Change is inevitable.
It is what keeps life interesting.
It builds us , it breaks us, it changes us.
We’ve all been there before, a moment where our worlds suddenly change , whether it’s on the horizon, forceable, or sudden.
I’ve feared a lot about change from an early age, it’s scary, it causes my heart rate to increase dramatically, and often times I allow myself to feel worse about it than it actually is.
So when did I start learning to embrace change with somewhat open arms?
Truthfully, it’s a process I’m learning to accept, and I haven’t got there yet.
We all want believe that things will stay good when they’re good, but as many of us know good things do come to an end at some point.
It wasn’t until recently with a death in my family that I faced one of the biggest, hard changes I have yet to experience.

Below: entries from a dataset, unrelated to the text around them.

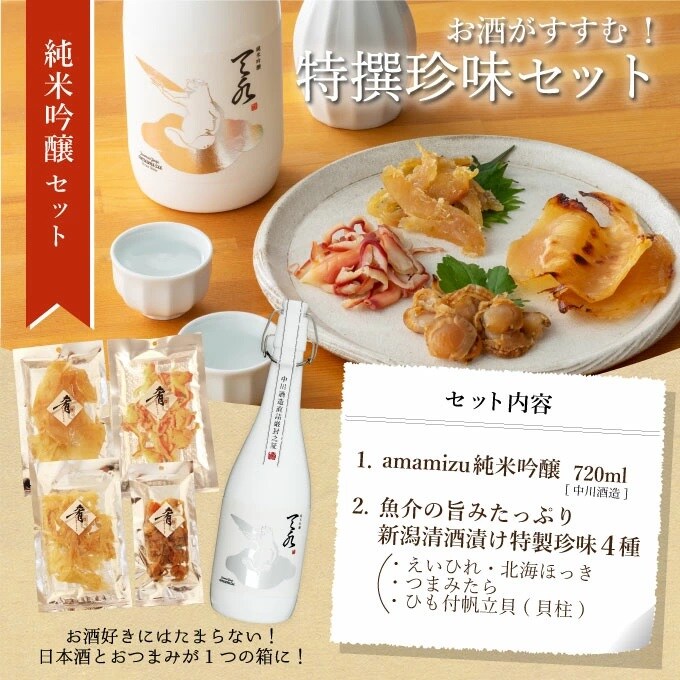 お酒 ギフト お歳暮 お年賀 日本酒 おつまみセット ギフト 純米吟醸【amamizu】720ml×清酒漬け珍味4種セット プレゼント 男性 女性 上司 新潟地酒 誕生日 内祝い お返し 結婚祝い 出産祝い お酒 高級 おすすめ 化粧箱入り 記念品 お祝い 贈り物 風呂敷包装 化粧箱入り 辛口
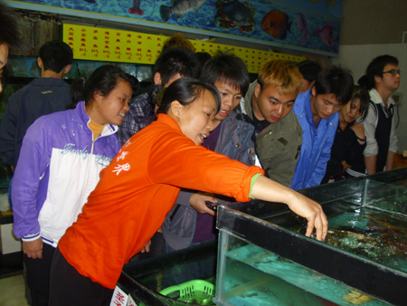 此次参观我系师生受到酒店方领导的热情接待,餐厅主管李部长专门为我系学生解说酒店的大堂布置和后堂中厨房区的管理流程。李部长首先带领同学们参观了酒店厨房区的炒锅区、上杂区、生猛海鲜区、卤水烧腊间和冷冻室,在参观过程中,李部长向同学们详细介绍了酒店厨房的情况、出菜的流程、头锅头灶的位置、厨房出菜的协调工作还有各炉灶设备的用处等。随后,李部长带领同学们参观了酒店的大堂和包间,学生被酒店包间内专业、华丽的摆设所深深吸引,同时酒店卫生干净整洁,器材摆放到位也让学生们留下深刻的印象。
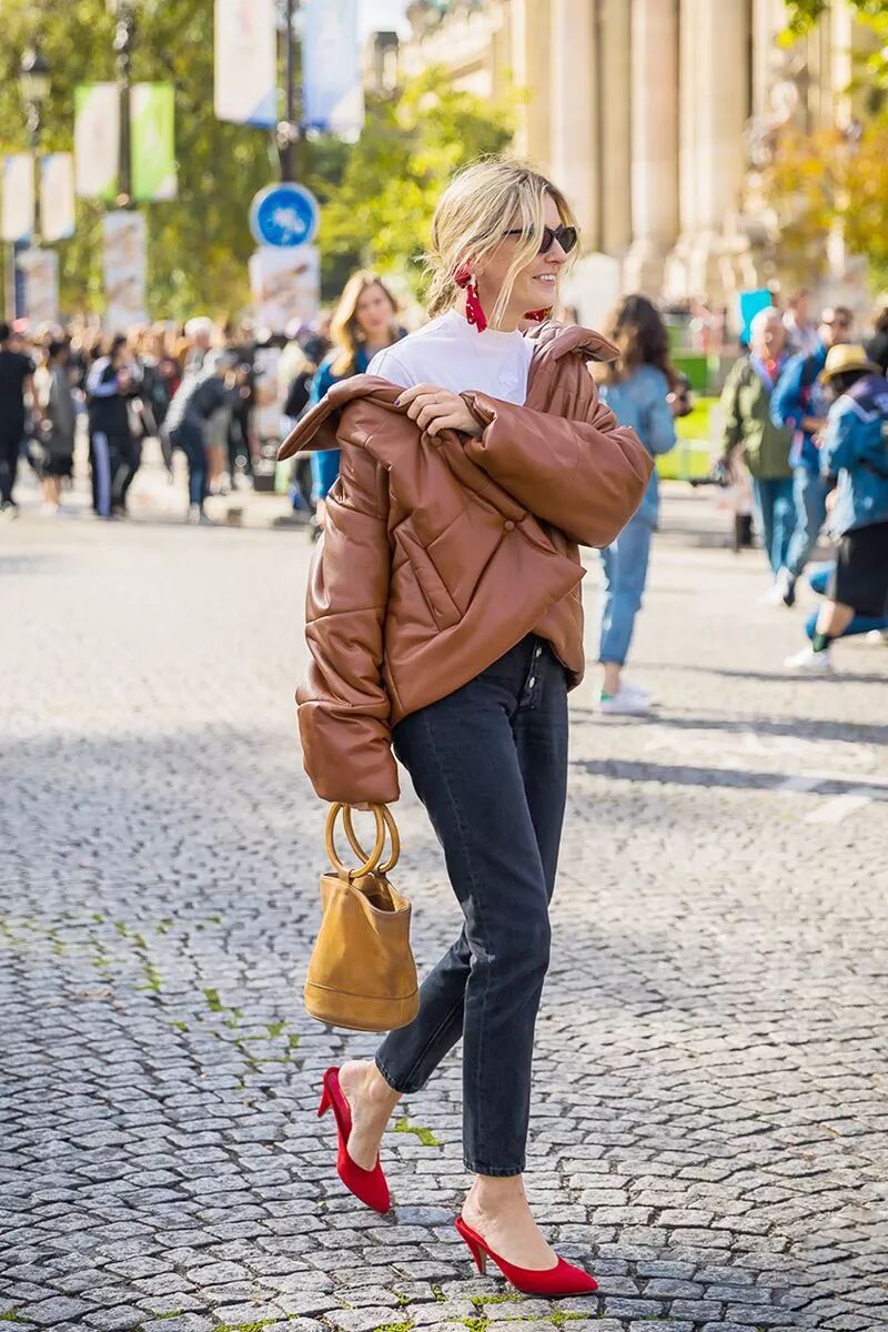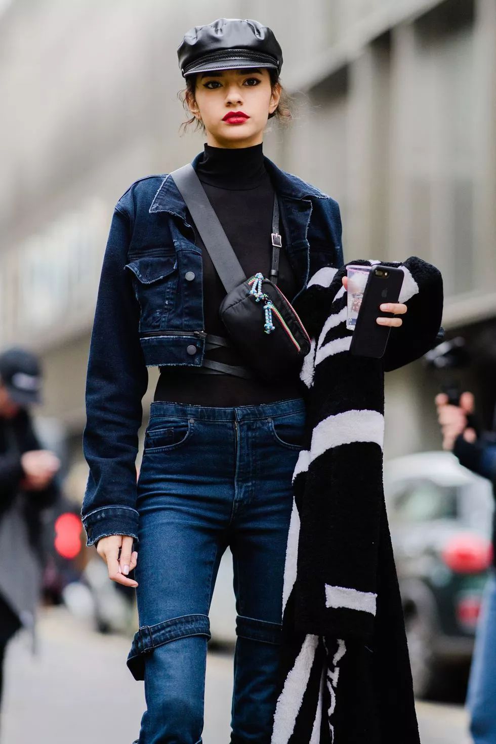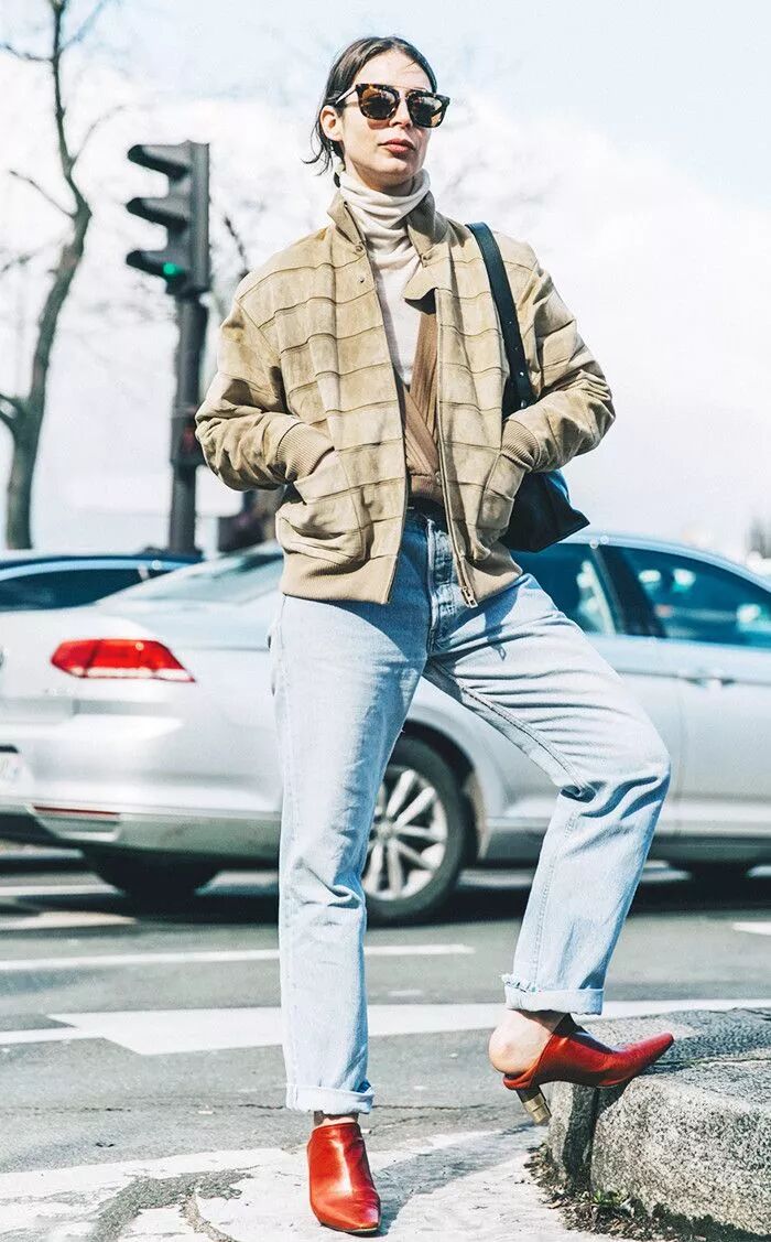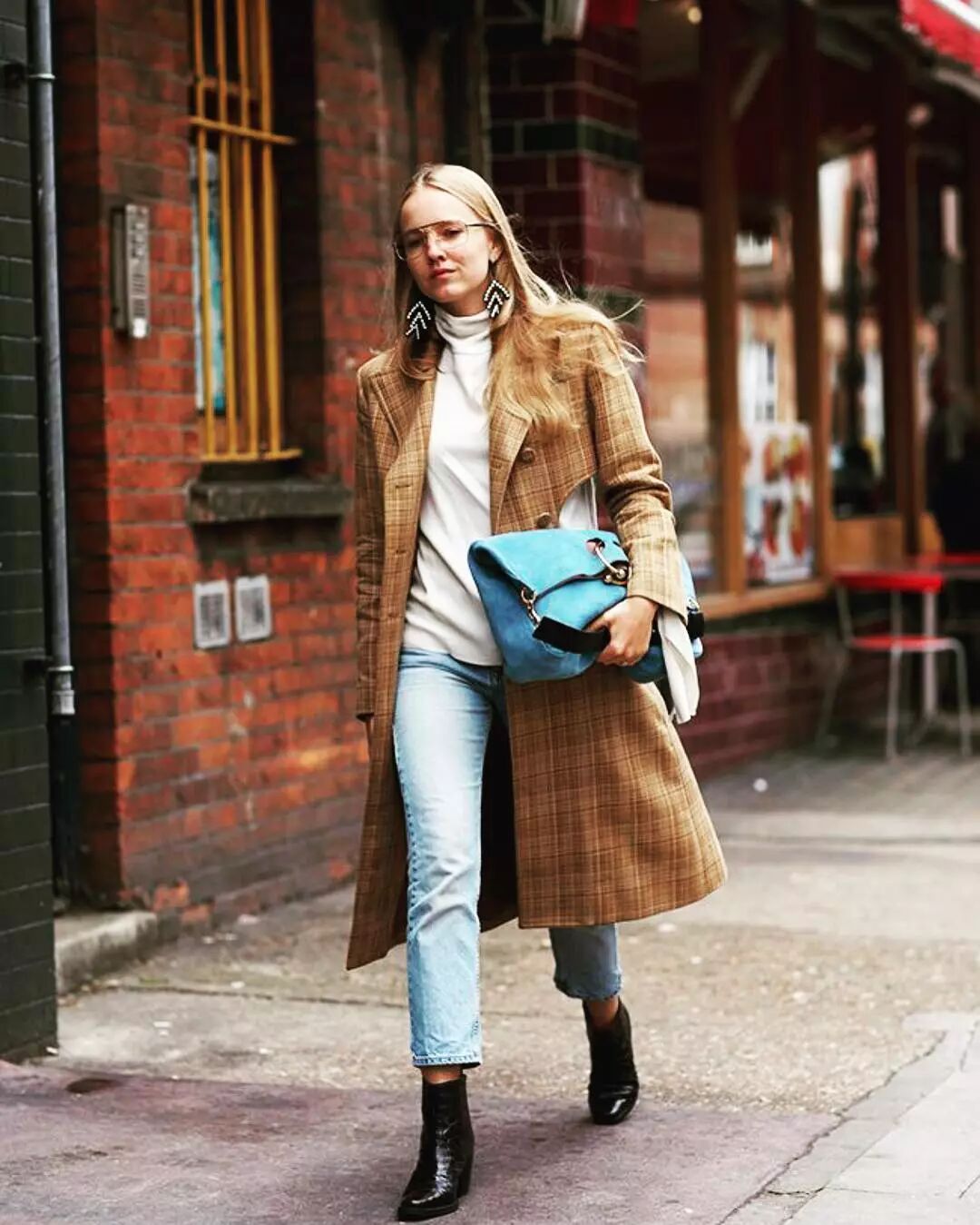 西服外套混搭牛仔褲會更具街頭潮范,內搭一件基礎色高領毛衣就非常chic了。

A change that brings grief and sadness is a mountain no one enjoys climbing, but there will be times where that is not our choice to make.
I have found that this change has altered me in ways I didn’t anticipate. My feelings, once mildly calm and collective have become fierce, and often times untamable until due time.
I’ve wanted to fight this, and regain the control I’ve felt I’ve always had, but in this process I’ve pondered the importance of this change and it’s role in my development as a person.
All of this has forced me to recognize myself more.
Who is it that I’m really evolving into?
What drives me?
What is it about this change that frightens me?
The answers are not painted in a pretty portrait to observe, it requires time and dedication to myself that can’t be simply skipped.
Change is a blessing in disguise even it’s darkest forms.
It is a challenge that can transform into triumph.
There is plenty of time in between the moment of change and the moment of acceptance and appreciation to be had, and although we fight to get to that afterthought , the distance it takes to get there is worth a steady walk.